Although recent studies have showed that phosphorus is a prognostic factor for CVD, the underlying biological mechanisms have not yet been fully understood. Several potential factors have been postulated, such as vascular calcification, endothelial dysfunction, ventricular hypertrophy and atherosclerosis, of which vascular calcification appears to be the most important.[27]–[31] And reducing phosphorus absorption may significantly decreased calcification.[32] Vascular calcification is a complex process regulated by several mediators, including fibroblast growth factor-23 (FGF-23), uncarboxylated matrix Gla protein, bone morphogenetic protein-2 inorganic pyrophosphate, and fetuin-A.[33] The hallmark of vascular calcification is calcium phosphate deposition, which can occur in the vasculature, myocardium, and cardiac valves. Elevated serum phosphorus levels can induce a phenotypic transformation of a cultured smooth muscle cell into an osteoblast-like cell that initiates calcification of the extracellular milieu.[29],[34] Vascular calcification occurs independently of atheroma and is an important cause of vascular stiffness leading to increased pulse wave velocity, increased left ventricular hypertrophy.[35],[36] Alternatively, phosphorus may induce direct vascular damage via deposition of hydroxyapatite crystals in the context of the arterial wall and this in turn may induce a self-sustaining process of crystals deposition and inflammation, as shown in experimental models.[37]

Whether elevated serum phosphorus levels contribute to atherosclerosis is also unclear. High dietary phosphate intake has recently been shown to accelerate atherogenesis in ApoE knockout mice, independently of calcification.[38] Among patients with minimal impairment of kidney function, Kanbay, et al.[39] found that FGF-23 also independently predicted coronary atheroma burden. A number of mechanisms may link phosphate exposure with atherosclerosis, these can be divided into direct effects of phosphate and those mediated by compensatory changes in phosphate-regulating hormones.

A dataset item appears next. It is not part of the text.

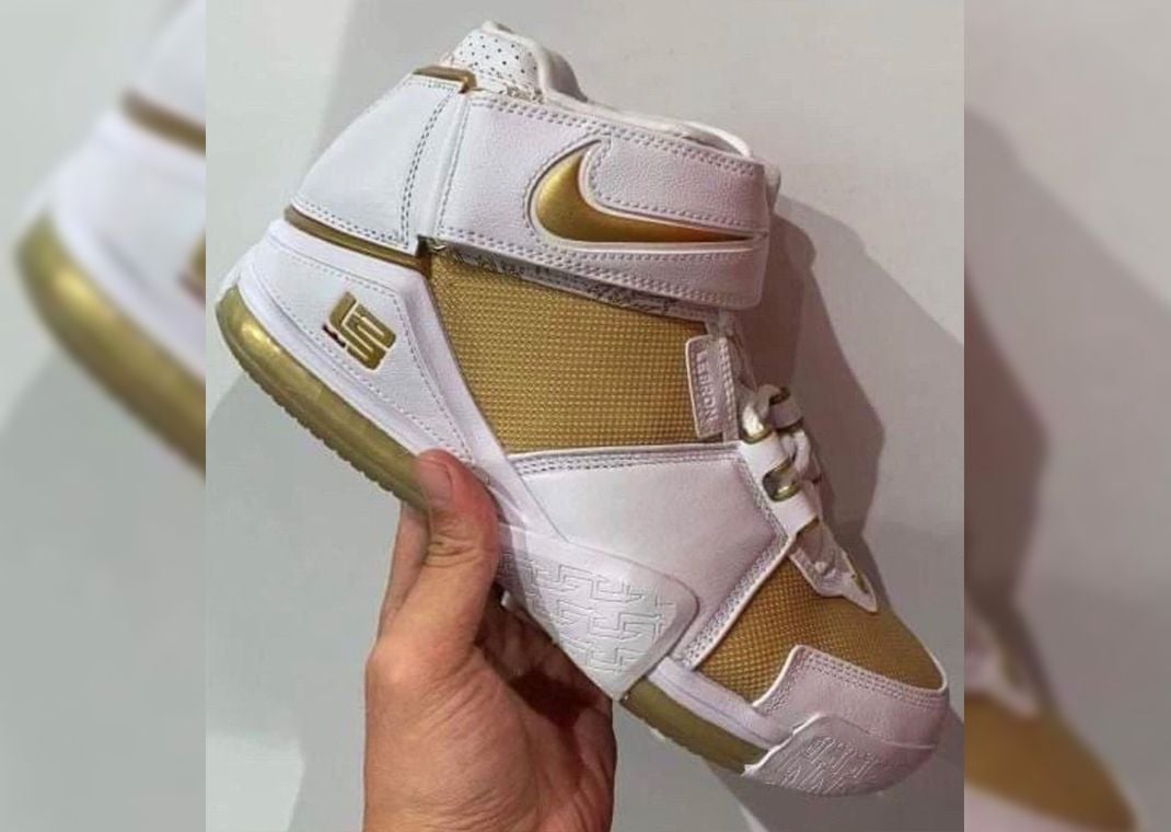 While the original black, white and varsity crimson, as well as the white and midnight navy pair are confirmed to drop, an all-new colorway will be released alongside them. Nicknamed the “White Metallic Gold” edition, they come in a clean white, varsity crimson, and metallic gold color scheme. Similar in design and looks to the Nike Zoom LeBron 2 “Maccabi” player exclusive originally worn by James during the 2004-05 NBA season, this pair sports a white-based upper with metallic gold accents. The only hit of varsity crimson that we can see so far is via the crown on the classic LeBron logo on the heel.
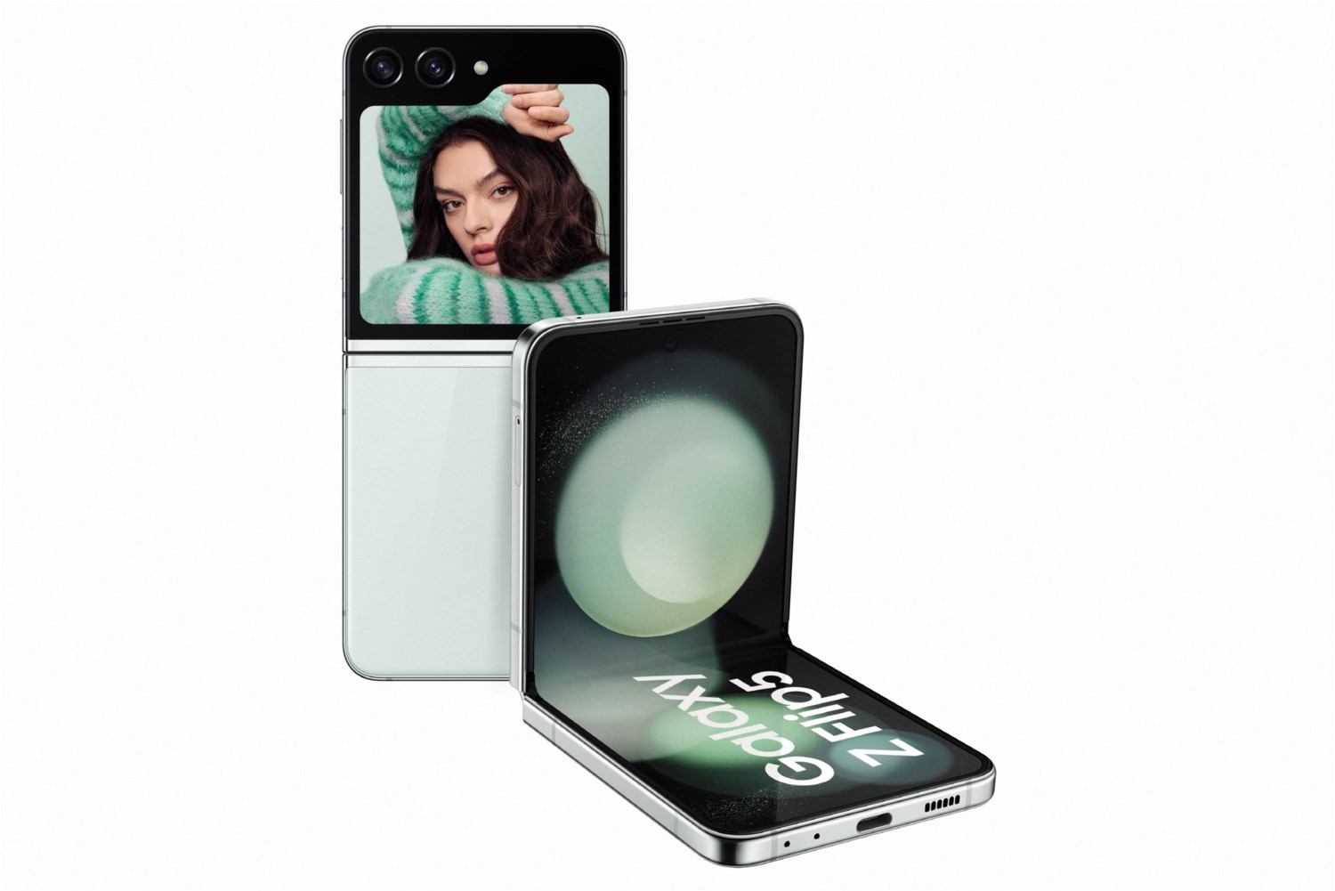 Entdecke das 3,4 Zoll große Frontdisplay des Galaxy Z Flip5, entwickelt für deine Selbstentfaltung. Dank des überarbeiteten Flex-Scharniers lässt sich das Smartphone jetzt flacher als seine Vorgängermodelle zusammenklappen, sodass es genauso einfach in deine Tasche passt wie in deine Hände.

By contrast, several large studies found inconsistent associations between elevated serum phosphorus levels and CVD. In 15,732 participants of the Atherosclerosis Risk in Communities Study with mean follow-up of 12.6 years, higher serum phosphorus was associated with increased risk for mortality but not of coronary disease.[9] An analysis of 7,259 postmenopausal women reported no associations between serum phosphorus levels and incident cardiovascular events during four years of follow-up.[14] In a recent nested case-control study of men without CKD from the Health Professionals Follow-up Study, serum phosphorus levels were not associated with the development of incident CVD during ten years of follow-up.[15] Thus, further studies are needed to clarify the relationship between serum phosphorus levels and different clinical endpoints.

Limitations

Some limitations in the present study must be considered. Firstly, this was a single-center, retrospective analysis. Residual confounding factors might thus have affected the results, regardless of the adjusted analysis. Secondly, laboratory data including parathyroid hormone, vitamin D and FGF-23 also associated with adverse outcomes were not measured. Last but not least, further studies are needed to clarify the mechanisms underlying the relationship between serum phosphorus levels and mortality.

Conclusions

In conclusion, elevated serum phosphorus levels were associated with all-cause mortality in Chinese patients with STEMI who had preserved renal function at baseline. Serum phosphorus levels might be useful as a marker for risk stratification in Chinese patients with STEMI.